Dr Diana Papp
Post Doctoral Scientist
Developing tools to understand how Bifidobacteria promotes gut health
I am interested in how Bifidobacteria modulates cellular homeostasis in the intestinal epithelial cells. To investigate this, I use “mini guts”, organoids from mouse and humans to uncover the molecular mechanism by which the different cell types can sense and respond to Bifidobacteria.

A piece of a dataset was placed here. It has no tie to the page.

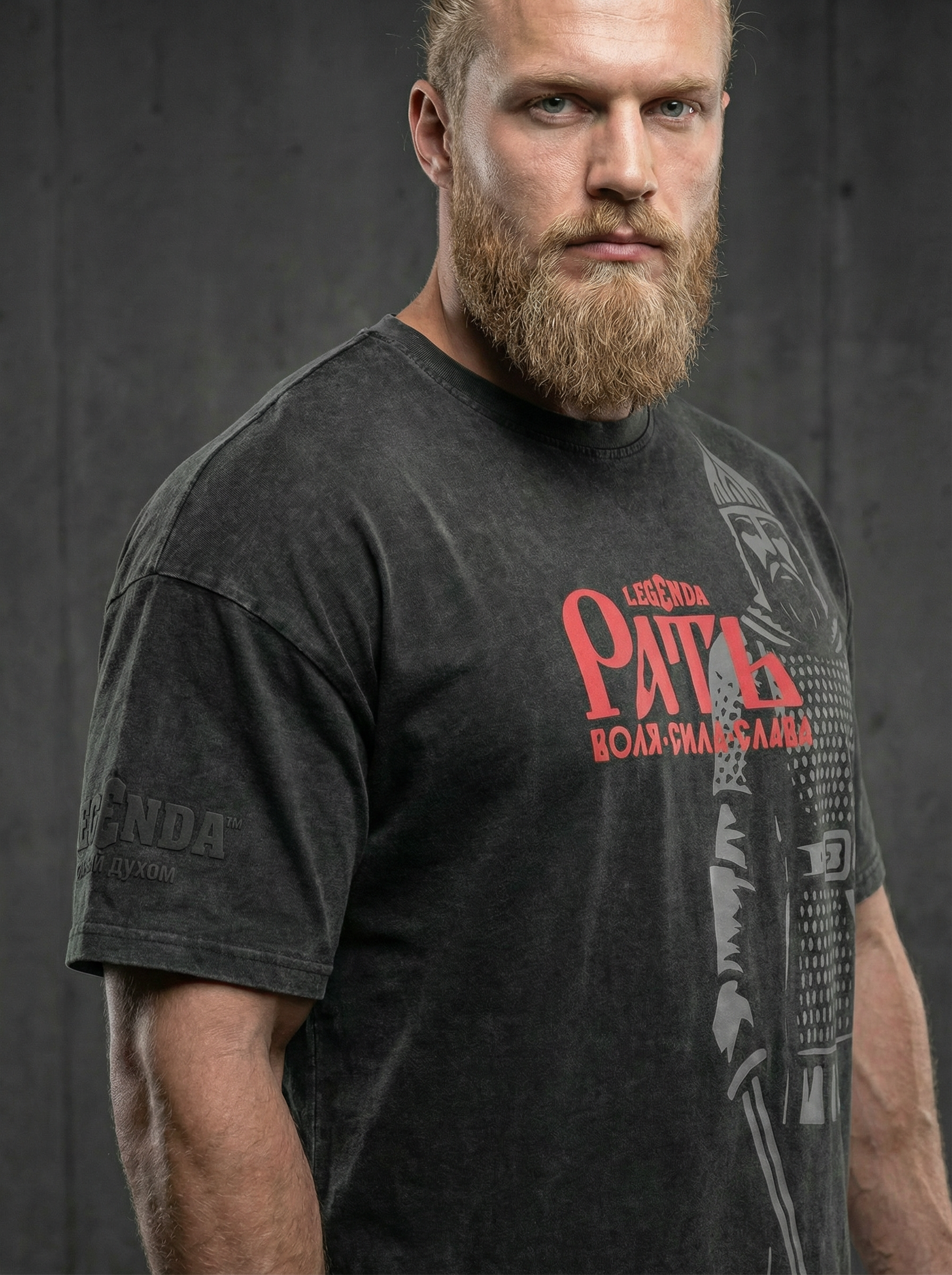 Футболка от коллаборации Legenda & РАТЬ – это не просто предмет гардероба, а настоящая атмосфера силы и боевого духа.

During my PhD I was working on how intestinal cells respond to pathogenic bacteria, Pseudomonas aeruginosa in the nematode Caenorhabditis elegans. I have shown that during pathogen attack, cellular homeostasis such as oxidative stress response plays an important role to keep the gut cells alive while fighting the bacteria. To help other researchers to uncover hidden interactions involving the oxidative stress response, I initiated and contributed to the development of the NRF2ome web resource (http://nrf2ome.org). Since then, NRF2ome has become one of the main database on NRF2, the master regulator of oxidative stress response. As a pre-doc, I have worked on an other fundamental homeostatic process, autophagy. I investigated how NRF2/SKN-1 regulates autophagy upon prolonged oxidative stress. I studied host-microbe interactions in plants, while I was working at the John Innes Centre as a post-doc. I have developed transgenic plants to investigate intercellular communication during pathogen attack.
I joined the Hall lab in June 2019 as a visiting post-doc with a talent support scholarship of Laszlo Solyom, the former President of the Republic of Hungary. In the Hall lab I would like to integrate my skills to develop transgenic mini-guts to understand how beneficial bacteria, Bifidobacteria affect the intestinal cells and promote gut health.